THE SOJOURNER: Remembering Nelson Mandela’s walk to freedom that February

Nelson Mandela gestures after he was released from prison almost three decades ago. PHOTO|FILE

Much as I look young I am basically a typical ‘Mhenga’. Actually I have been around for long. Naturally a lot of water has passed under this bridge. But two major ‘tsunamis’ stand out. And they were indeed seismic events.

One: the famous walk by President Barak Obama and his wife Michelle along Pennsylvania Ave, on 20 January 1999, during his inauguration parade as the 44th president of the United States - the first African-American to that post.
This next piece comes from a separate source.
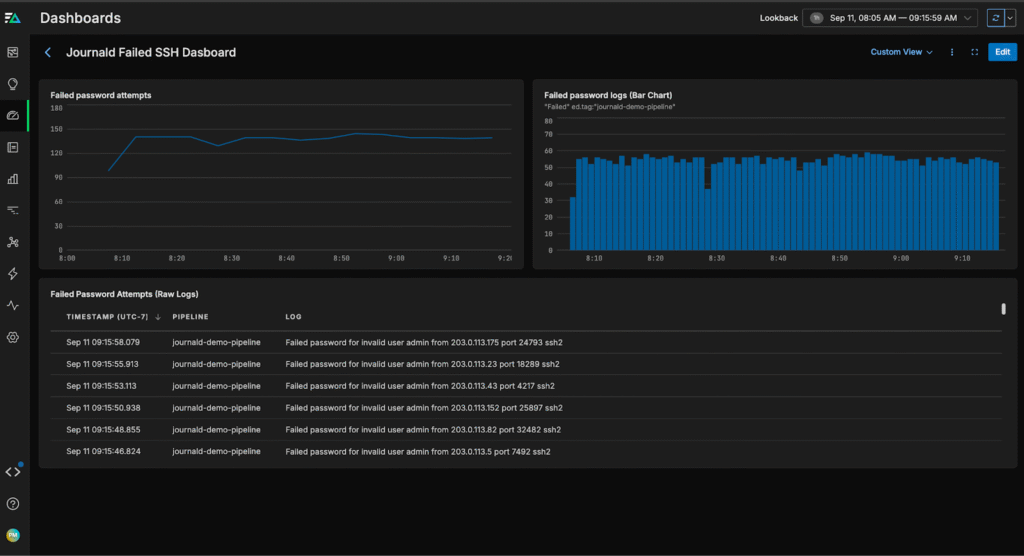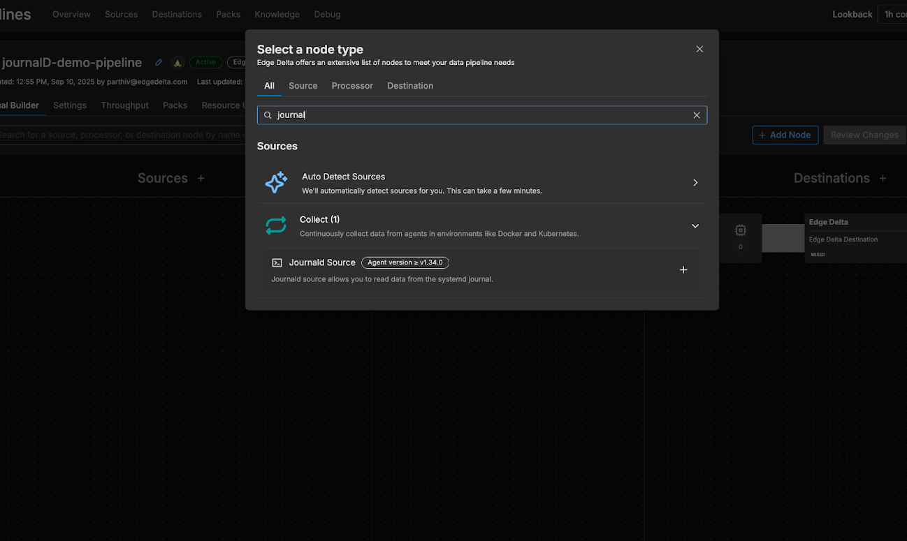 With Edge Delta’s Telemetry Pipelines, teams can efficiently collect high volumes of journald log data, optimize it pre-index, and securely deliver it to downstream platforms for streamlined analysis. In this post, we’ll walk through how to configure a Telemetry Pipeline to route optimized journald logs into the Edge Delta Observability Platform — and how to analyze them effectively once they arrive.

Second: the famous Nelson Mandela walk out the front gate of the Victor Verster Prison in suburban Cape Town on the sun-splashed afternoon of Feb. 11, 1990, arm-in-arm with his then-wife, Winnie. Each raised a fist in triumph.

The latter event was what came to mind last Sunday since it was exactly 28 years from that famous afternoon walk - the walk to freedom! After 27 years in prison.

No wonder the first thing I did when one morning I first landed at the O. R. Tambo Airport in Johannesburg – 10 years after that walk - and after dropping my bags at my hotel, I took a taxi to House No. 9115, Vilakazi Street, Orlando West, Soweto, to visit the famous Mandela House.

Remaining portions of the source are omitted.